# [Problem to work on]
Exact copies of the lines below are the goal; any images in them are dropped.

# [Data segment]
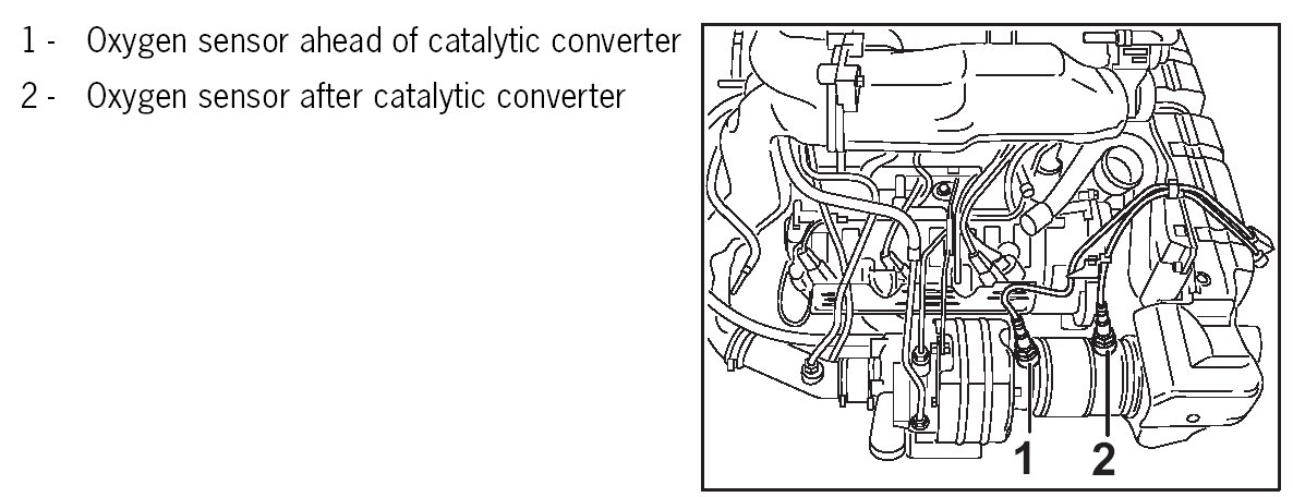 NOTE: Do not exchange oxygen sensors ahead of catalytic converter and after catalytic converter.
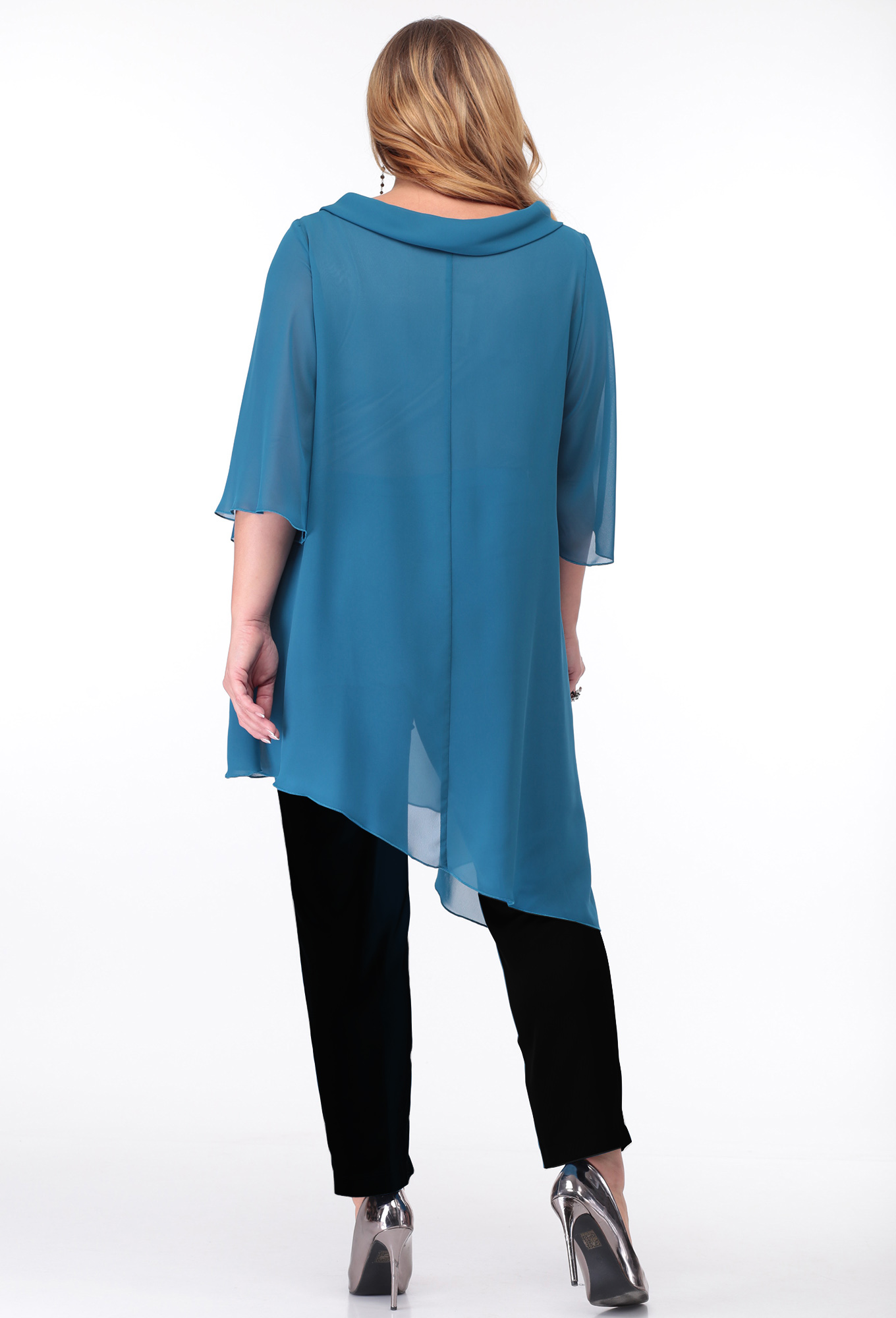 Модель: Анастасия Мак 660Б голубой ..показатьi>Рост: 164 см (девушка на фото ростом 170см) Сезон: Круглогодичный Тип ткани: Шифон - 100% Полиэстер;Блуза - 96% Полиэстер, 4% Спандекс;Костюм состоит из блузки и брюк. Блузка выполнена из однотонного шифона, в качестве подкладки в блузе использовано однотонное трикотажное полотно. Брюки выполнены из однотонной ткани. Блузка А-образного силуэта, с асимметричным низом. Горловина овальной формы, обработана воротником-планкой, спереди по левой части горловины декор из шифона и броши. Спинка со средним швом . Рукав одношовный, втачной, длиной 3/4 , расширенный по низу. Нижняя часть блузки - подкладка в виде майки. Полочка майки с нагрудными вытачками, спинка цельная.i>Рост: 164 см (девушка на фото ростом 170см) Сезон: Круглогодичный Тип ткани: Шифон - 100% Полиэстер;Блуза - 96% Полиэстер, 4% Спандекс;
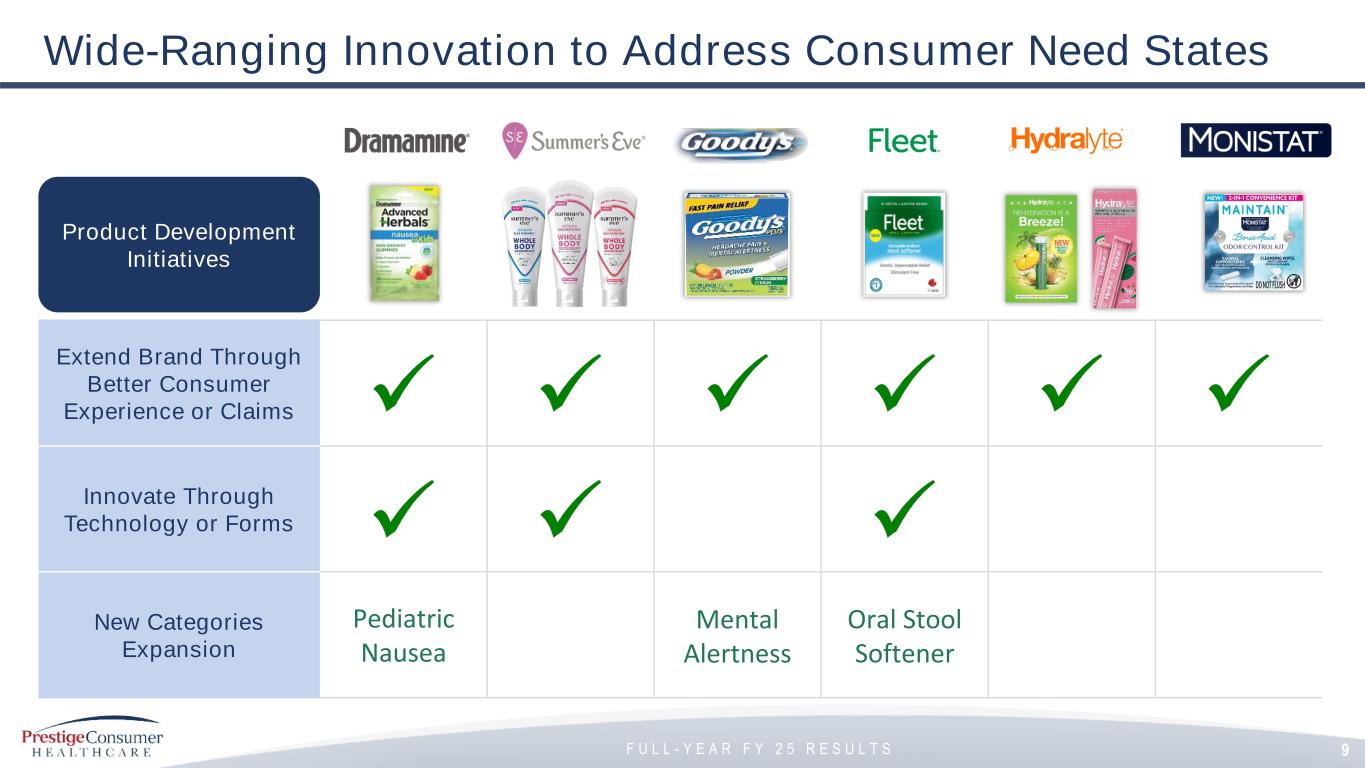 プレステージ・コンシューマー・ヘルスケアは消費者向けヘルスケア製品のリーディングカンパニーであり、米国、カナダ、オーストラリア、その他一部の国際市場で販売を行っている。当社の多様なブランドポートフォリオには、Monistat®およびSummer's Eve®女性用健康製品、BC®およびGoody's®鎮痛剤、Clear Eyes®およびTheraTears®アイケア製品、DenTek®特殊口腔ケア製品、Dramamine®乗り物酔い治療薬、Fleet®浣腸およびグリセリン坐薬、Chloraseptic®およびLuden's®のど用治療薬および点眼薬が含まれる、CompoundW®イボ治療薬、Little Remedies®小児用市販薬、Boudreaux's Butt Paste®おむつかぶれ軟膏、Nix®シラミ治療薬、Debrox®耳垢除去薬、Gaviscon®制酸薬(カナダ)、Hydralyte®水分補給製品とFess®鼻腔・副鼻腔ケア製品ライン(オーストラリア)。当社のウェブサイトwww.prestigeconsumerhealthcare.com。

# [Task result]
 NOTE: Do not exchange oxygen sensors ahead of catalytic converter and after catalytic converter.
 Модель: Анастасия Мак 660Б голубой ..показатьi>Рост: 164 см (девушка на фото ростом 170см) Сезон: Круглогодичный Тип ткани: Шифон - 100% Полиэстер;Блуза - 96% Полиэстер, 4% Спандекс;Костюм состоит из блузки и брюк. Блузка выполнена из однотонного шифона, в качестве подкладки в блузе использовано однотонное трикотажное полотно. Брюки выполнены из однотонной ткани. Блузка А-образного силуэта, с асимметричным низом. Горловина овальной формы, обработана воротником-планкой, спереди по левой части горловины декор из шифона и броши. Спинка со средним швом . Рукав одношовный, втачной, длиной 3/4 , расширенный по низу. Нижняя часть блузки - подкладка в виде майки. Полочка майки с нагрудными вытачками, спинка цельная.i>Рост: 164 см (девушка на фото ростом 170см) Сезон: Круглогодичный Тип ткани: Шифон - 100% Полиэстер;Блуза - 96% Полиэстер, 4% Спандекс;
 プレステージ・コンシューマー・ヘルスケアは消費者向けヘルスケア製品のリーディングカンパニーであり、米国、カナダ、オーストラリア、その他一部の国際市場で販売を行っている。当社の多様なブランドポートフォリオには、Monistat®およびSummer's Eve®女性用健康製品、BC®およびGoody's®鎮痛剤、Clear Eyes®およびTheraTears®アイケア製品、DenTek®特殊口腔ケア製品、Dramamine®乗り物酔い治療薬、Fleet®浣腸およびグリセリン坐薬、Chloraseptic®およびLuden's®のど用治療薬および点眼薬が含まれる、CompoundW®イボ治療薬、Little Remedies®小児用市販薬、Boudreaux's Butt Paste®おむつかぶれ軟膏、Nix®シラミ治療薬、Debrox®耳垢除去薬、Gaviscon®制酸薬(カナダ)、Hydralyte®水分補給製品とFess®鼻腔・副鼻腔ケア製品ライン(オーストラリア)。当社のウェブサイトwww.prestigeconsumerhealthcare.com。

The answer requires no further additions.